Phase 2 — Reviewer Recommendation (/reviewers)


TC-09 · CODEOWNERS-Based Recommendation

Goal: Verify CODEOWNERS owners are recommended first.

Setup: Ensure .github/CODEOWNERS has at least one path mapped to a real GitHub user.

PR to create: Change a file covered by CODEOWNERS. Proper title + description + issue link + CHANGELOG.

Comment on PR:

/reviewers

Expected response:

  • CODEOWNERS owner appears as recommended reviewer
  • Reason mentions: CODEOWNERS or code ownership
  • Label watchflow:reviewer-recommendation applied
  • Reviewer actually assigned to the PR

TC-10 · No CODEOWNERS Fallback (commit history expertise)

Goal: Verify commit history is used when no CODEOWNERS exists.

Setup: Temporarily remove or empty .github/CODEOWNERS. Ensure the repo has prior commits by different contributors.

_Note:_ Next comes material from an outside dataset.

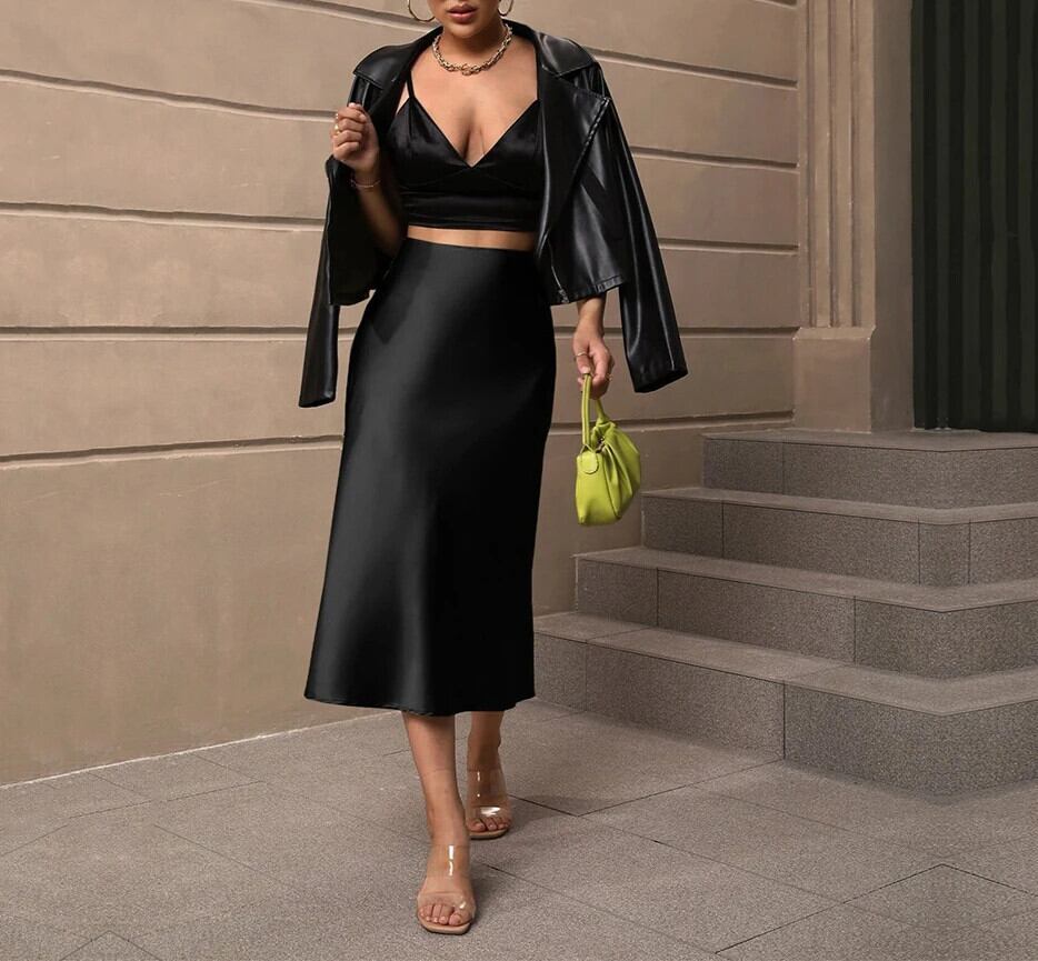 送料無料 アパレル Satijnen rok Hoog getailleerde effen kleur rokken Uitlopende zoom e dames bovenkleding AE12128878815613904 | mihatudai(みはつばい)ネットショッピングならmihatudai
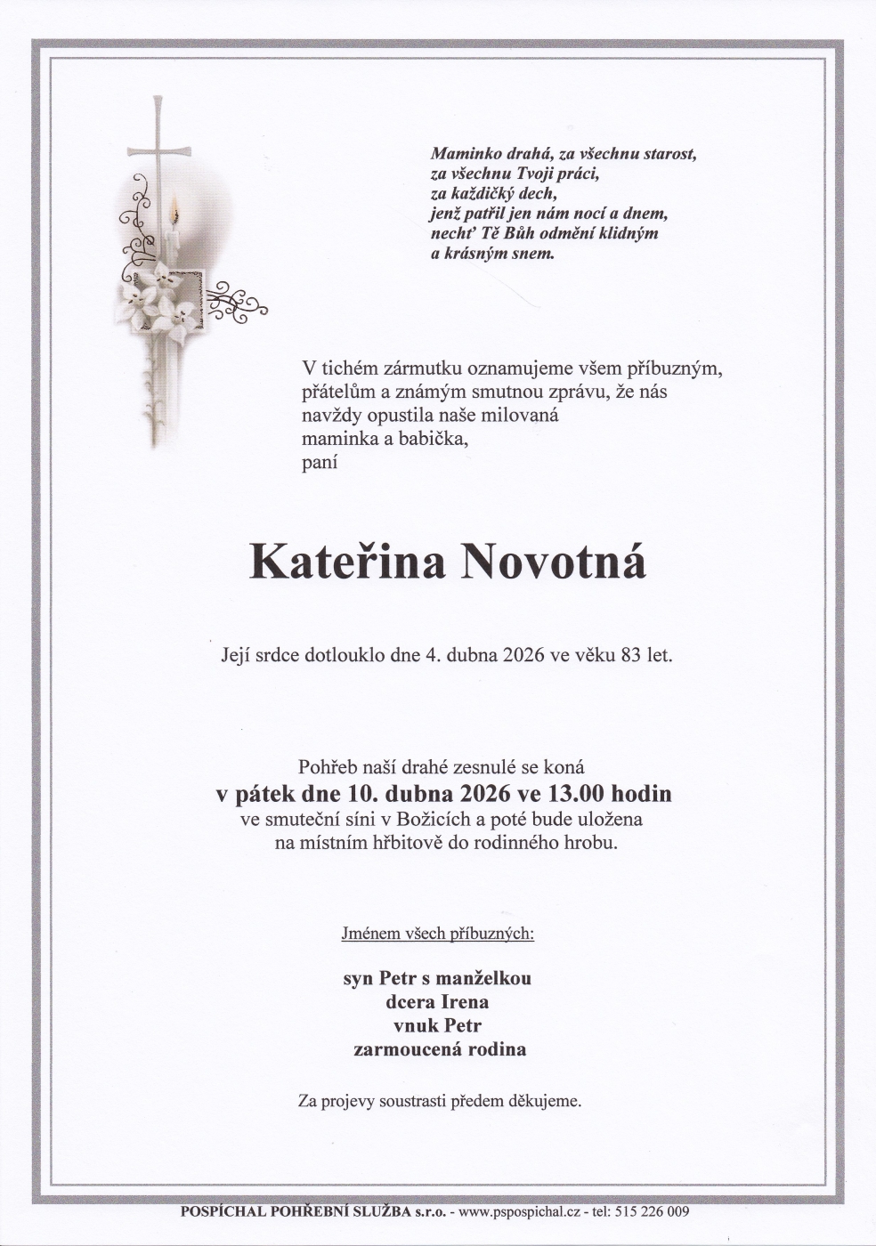 Přidat kondolenci

PR to create: Edit any source file (e.g. src/index.js).

Comment on PR:

/reviewers

Expected response:

  • Reviewer recommended based on commit history
  • Reason mentions recent commits to the changed file
  • Top committer for that file is recommended

Cleanup: Restore CODEOWNERS.


TC-11 · PR Author Excluded from Recommendations

Goal: Verify the PR author never appears in the recommended reviewer list.

Setup: The PR author must have prior commits in the changed files (would normally score as a candidate).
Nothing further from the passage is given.